A Measly 607 Quid

I bumped into a neighbour of my sales team’s London office who sell NLP-type training (Rebecca and Rachel) and we got chatting on their industry and the lack of funds people put aside to train their people.

The Chartered Institute of Personnel Development is their professional body, and I’d heard of them recently as they’d just opened a swanky £12m building in Wimbledon.  It turns out that in their latest ‘state of the nation’ industry report, they found that the average amount of cash spent each year per employee on training was just £607.

That’s not a lot.  I remember around 2003 sitting in on a training course with a bloke from Tack International who, aside from his personal shortcomings on the training front and lack of sales savvy, did make one worthwhile observation; that his firm reckoned only 1½ days a year were given to the typical rep in training.

And I recall my very first formal training.  A Welshman that my sales director rated highly called Wynn Rees said he could give me a one-on-one for a day and give me the basics for around £800 (this was back in the early 90s).  Yet to squeeze more value out the day, my boss decided to include about half-a-dozen other reps.  Although Wynn was great value, this wasn’t the approach I’d recommend, as the older guys took the micturate a touch thinking it was beneath them.  And at around £100 a pop, did it really progress them?  I don’t reckon so.

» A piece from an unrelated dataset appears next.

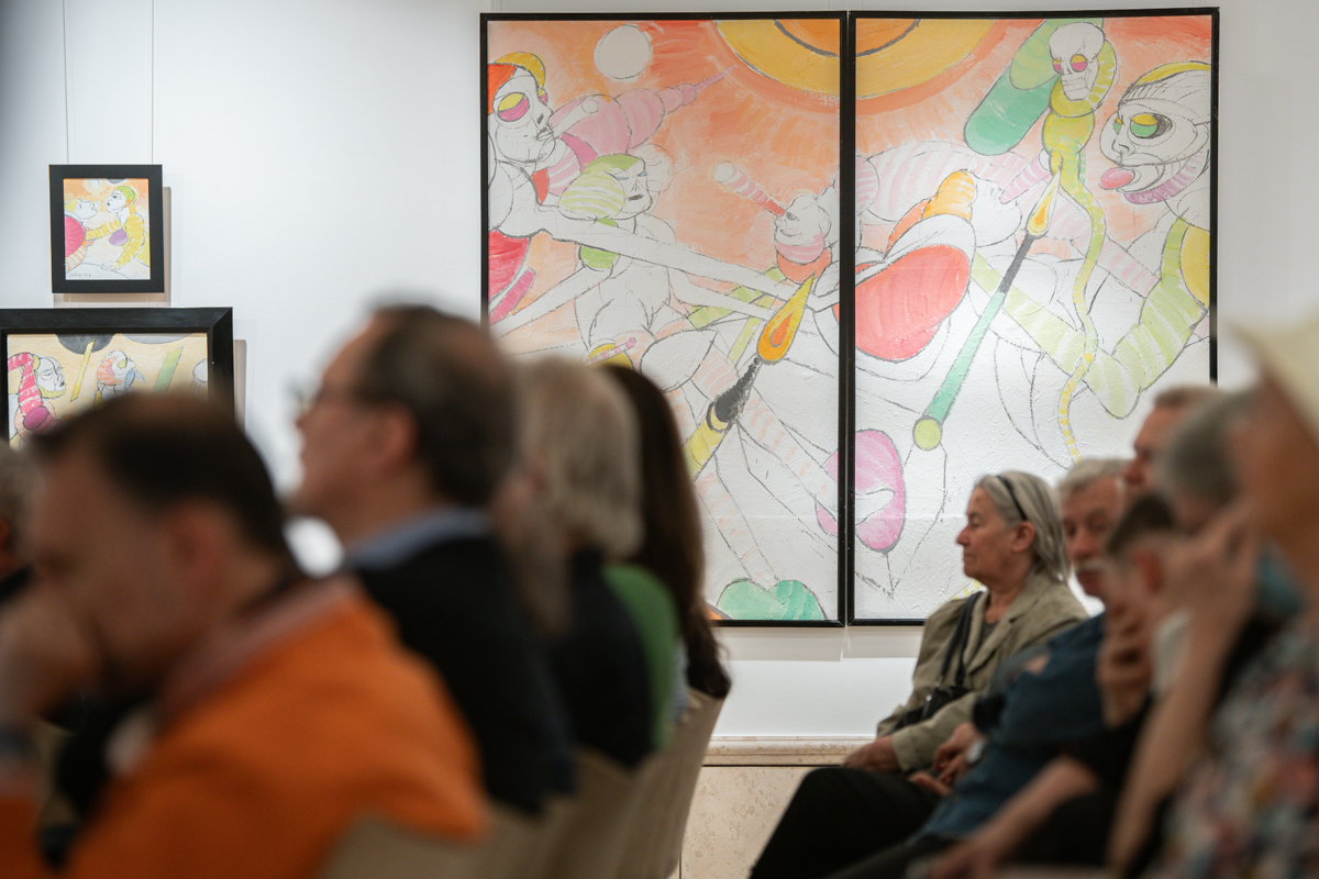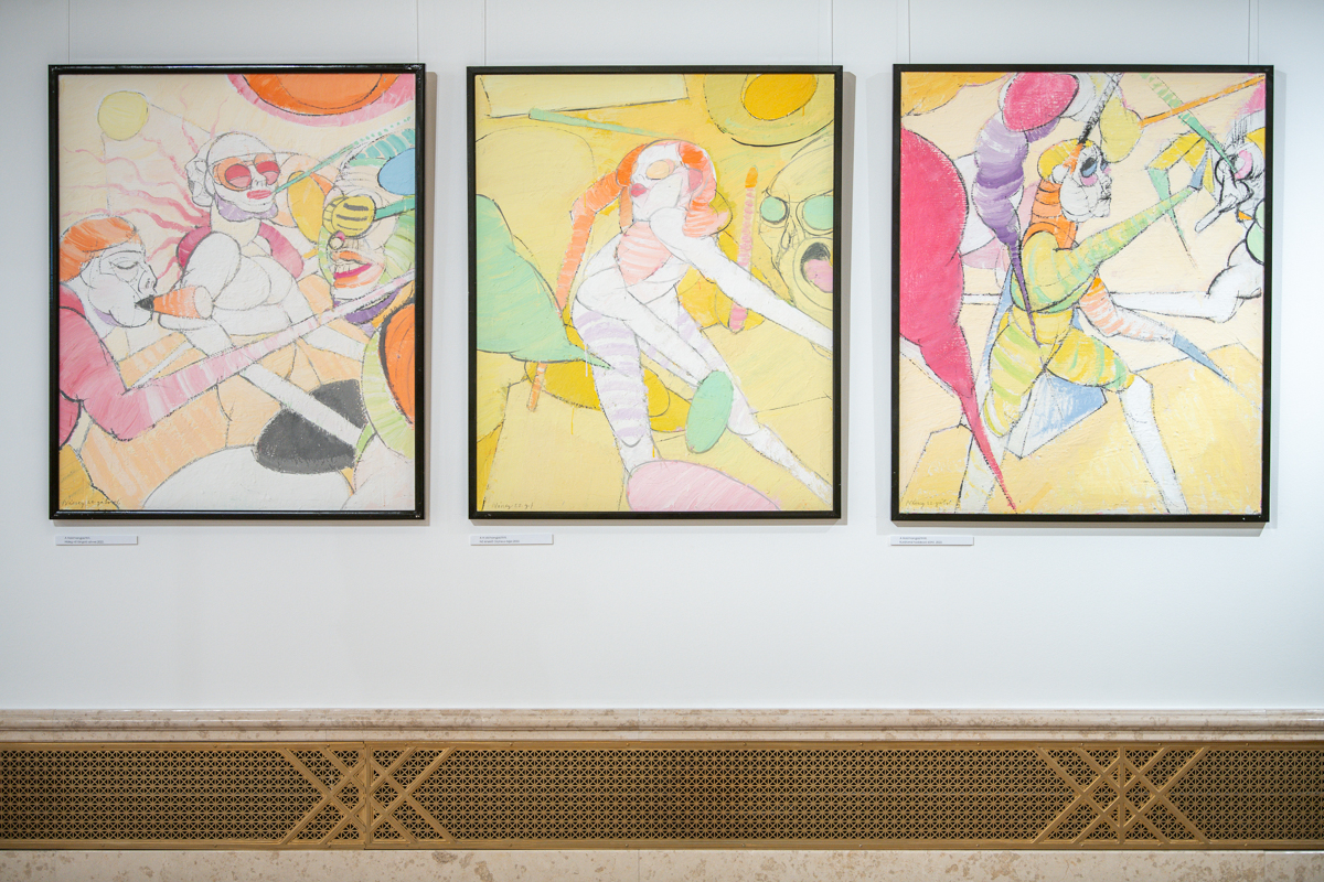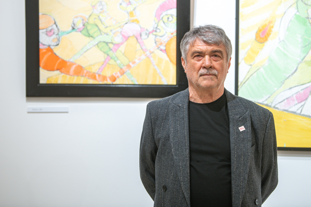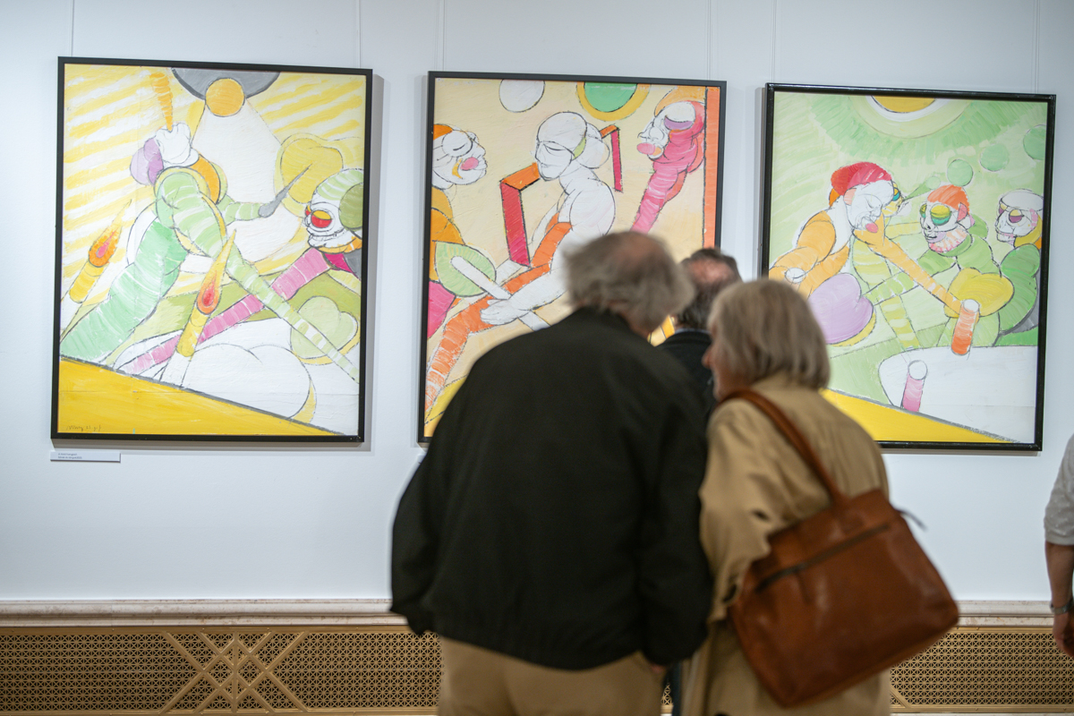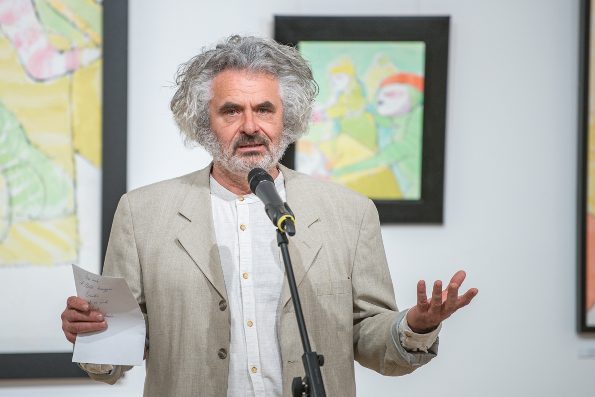 A Pesti Vigadóban, az MMA Székházában, az V. emeleti kiállítóteremben május 9-én nyílt meg a tárlat a művész erőteljes líraiságot sugárzó festményeivel, melyek a figurativitás és az absztrakció, a rajzolt és festett, a gesztus és faktúra együttes használatával szólaltatják meg a művész sokszor humoros, ironikus, drámaisággal telített festői világát.

In my quest for knowledge on the embryonic sales software marketplace in the mid-90s, I read a book (can’t remember what it was as some bugger pinched it from me!) that spoke about linking ‘development’ into software so that task-related elements could be reinforced by systems.  It was pretty interesting stuff, and ten years later, in Val D’Isere a CEO of Huthwaite got all excited telling me about how he was putting this in place for ‘spin’. I bet firms are paying more than six hundred quid per person on this….

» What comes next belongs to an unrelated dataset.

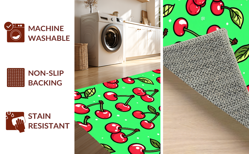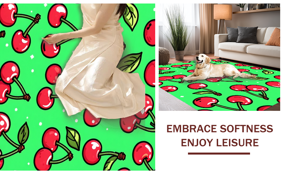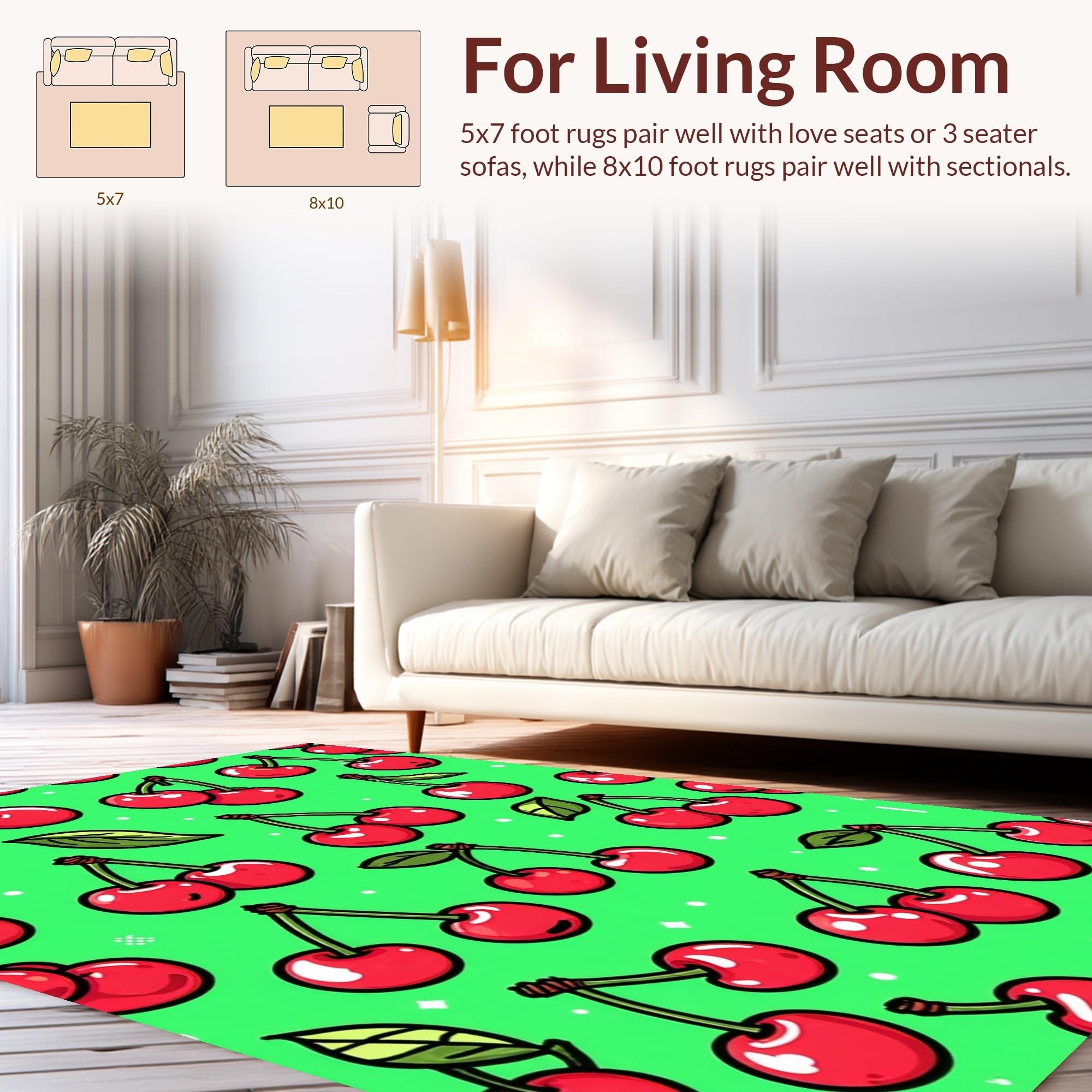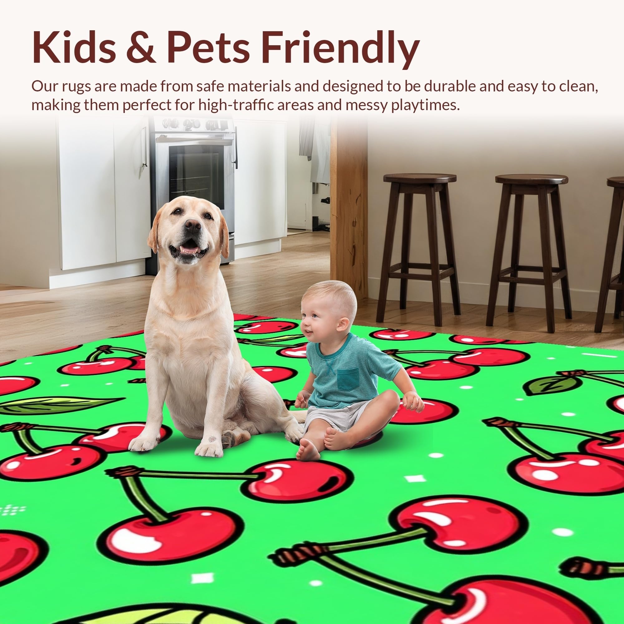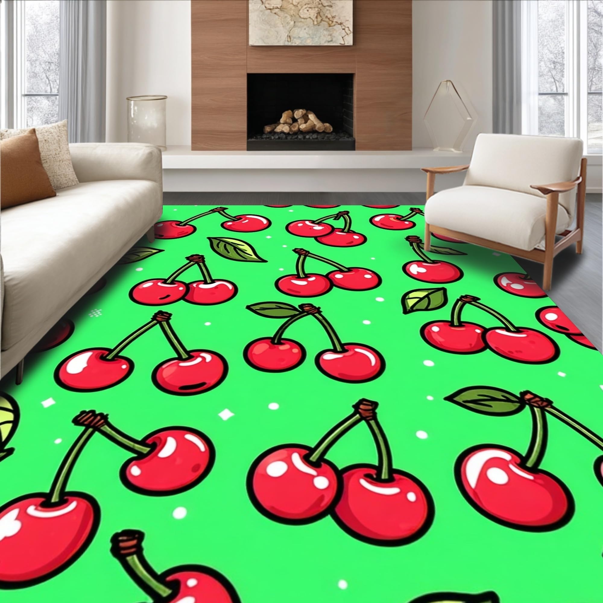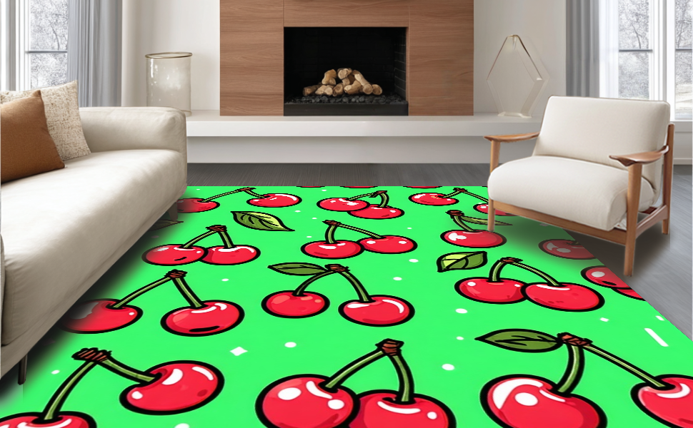 Ultra Soft Area Rug, Non Slip, Stain Resistant, Washable Area Rugs for Living Room, Bedroom, Lively Pastel Fruit Imagery(Green) Overview:

I try and do constant development with my guys, objection handling role play on the way to meetings at the obvious level, personal tactics to employ and so on further up the ladder.  I’ve seen many firms employ their own ‘sales ops’ guys, and I’ve seen others try and turn sales managers into ‘sales coaches’.  I’ve seen neither work.  They fail as the ‘coach’ is not at the permanent call of the rep, hasn’t clear and agreed guidelines for development areas agreed, lets ego get in the way, doesn’t reinforce the message on a frequent enough basis, and can’t prove where their efforts have brought about improvement.